А она отвечает по-китайски:
— Ты его знаешь — это человек, который приносил мне кувшины.
— Да, сейчас припоминаю.
— Погоди, Большая Ма, я рассказываю Либби-я о своем муже. — Кван смотрит мимо меня. — Да, ты его знаешь — нет, не в этой жизни, а в прошлой, когда ты была Эрмей и я давала тебе утиные яйца, а ты мне — соль.
И пока я расправляюсь с лазаньей, Кван весело щебечет, отвлекаясь от своего горя воспоминаниями о воображаемом прошлом.
В последний раз я видела Зена перед тем, как он стал Джорджи… А, ну да, за день до моей смерти. Зен принес мне мешочек сухого ячменя и печальные новости. Когда я протянула ему чистую одежду, он ничего не дал мне для стирки. Я стояла около кипящих котлов с бельем.
— Нет нужды теперь беспокоиться о том, что чисто или грязно, — сказал он мне. Его взгляд был устремлен на горы, а не на меня. Ах, подумала я, он хочет сказать, что между нами все кончено. Но потом он произнес: «Небесного Повелителя больше нет».

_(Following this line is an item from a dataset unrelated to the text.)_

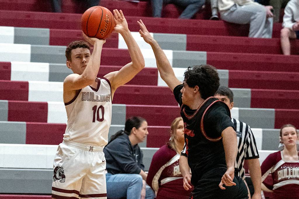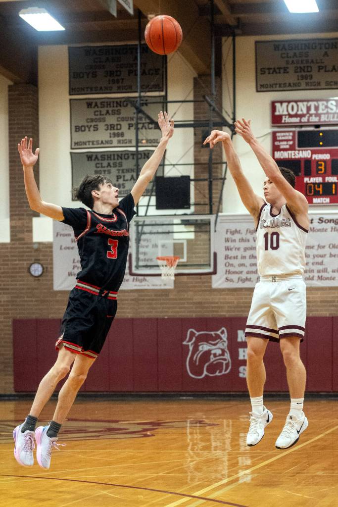 PHOTO BY FOREST WORGUM PHOTO BY FOREST WORGUM Montesano’s Terek Gunter (10) shoots for three against Tenino’s Ashton Moore during a 56-35 victory on Thursday at Montesano High School. Gunter scored a game-high 18 points in the win.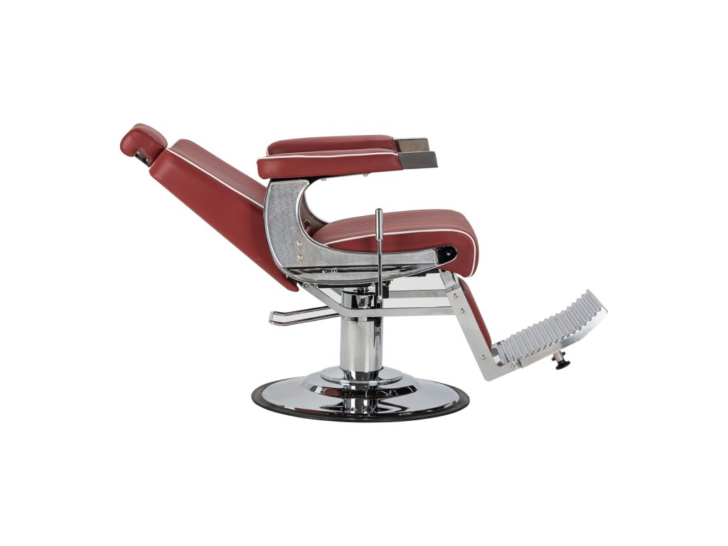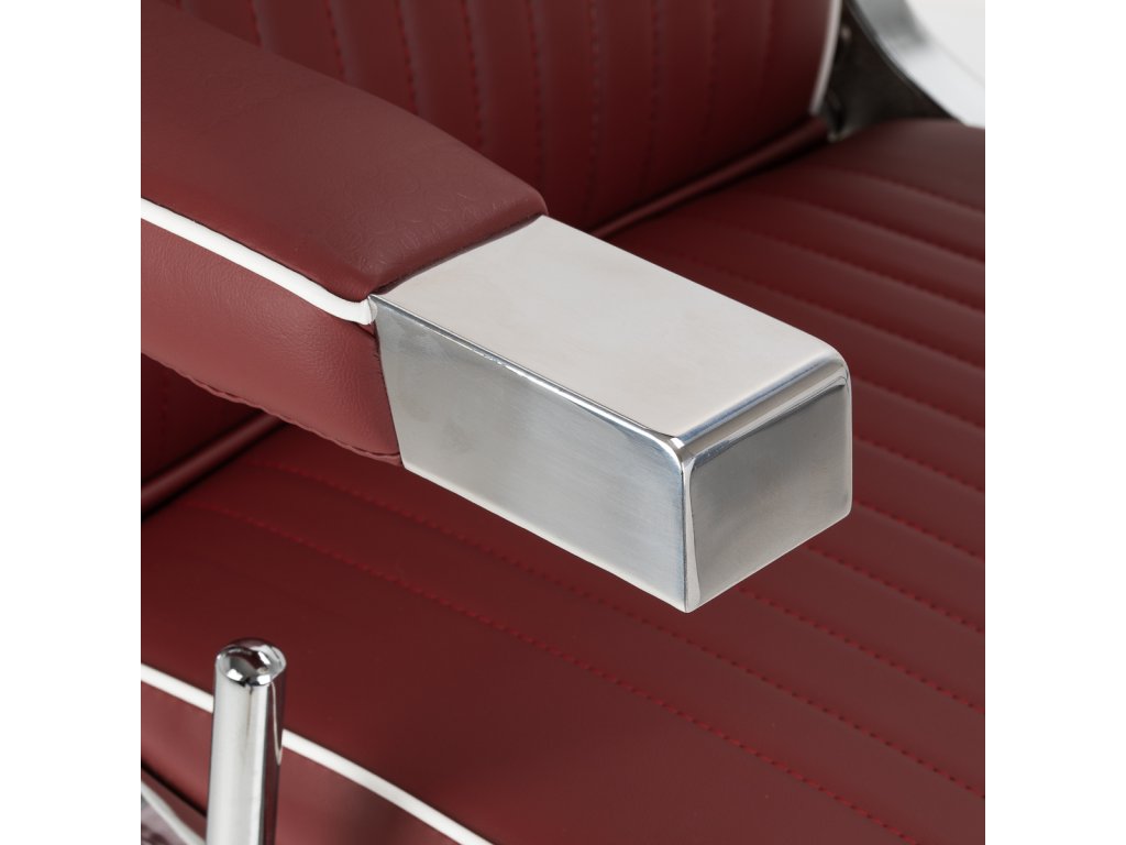Holičské barber křeslo Cardinal Red Chrome je profesionální barber křeslo určené pro každodenní provoz v holičstvích a barbershopech. Konstrukce křesla je postavena na pevné chromové základně, která zajišťuje vysokou stabilitu při práci a bezpečné používání i při plném zatížení.

О! Это был гром среди ясного неба!
— Как такое могло случиться? Небесный Повелитель не мог умереть, он бессмертен!
— Уже нет, — отвечал Зен.
— Кто убил его?
— Наложил на себя руки. Так говорят люди.
Эта новость была еще более страшна. Небесный Повелитель запретил самоубийство. А теперь он покончил с собой?! А теперь он признал, что не был младшим братом Иисуса? Как мог человек Хакка так опозорить свой народ? Я заглянула в лицо Зену. Оно было мрачно. Он испытывал те же чувства. Он тоже был Хакка.
Я думала об этом, вынимая из воды тяжелое мокрое белье. «По крайней мере, войне теперь конец, — сказала я, — и в реках снова будет полным-полно судов».
И тогда Зен поведал мне третью новость, еще страшнее двух предыдущих: «В реках уже полным-полно крови». Когда кто-то говорит «не судами, а кровью», ты не можешь просто слушать и кивать: «Так, так». Мне приходилось вытягивать из него каждое слово, словно выпрашивать по рисинке пиалу риса. Он был так скуп на слова! Мало-помалу вот что мне удалось выведать.
Десять лет назад Небесный Повелитель прокатился разрушительной волной от гор к берегу. Кровь лилась рекой, погибли миллионы. Теперь волна катилась назад — в портовых городах Маньчжуры убили всех Почитателей Господних. Они продвигались в глубь страны, сжигая дома дотла, разрывая могилы, разрушая небеса и землю в одно и то же время.
— Все мертвы, — сказал Зен, — никого не пощадили, даже младенцев.
Когда он сказал это, я увидела сотни плачущих младенцев.
— Когда они будут в нашей провинции? — прошептала я. — В следующем месяце?
— О нет. Смерть следовала по пятам глашатая, когда он достиг нашей деревни.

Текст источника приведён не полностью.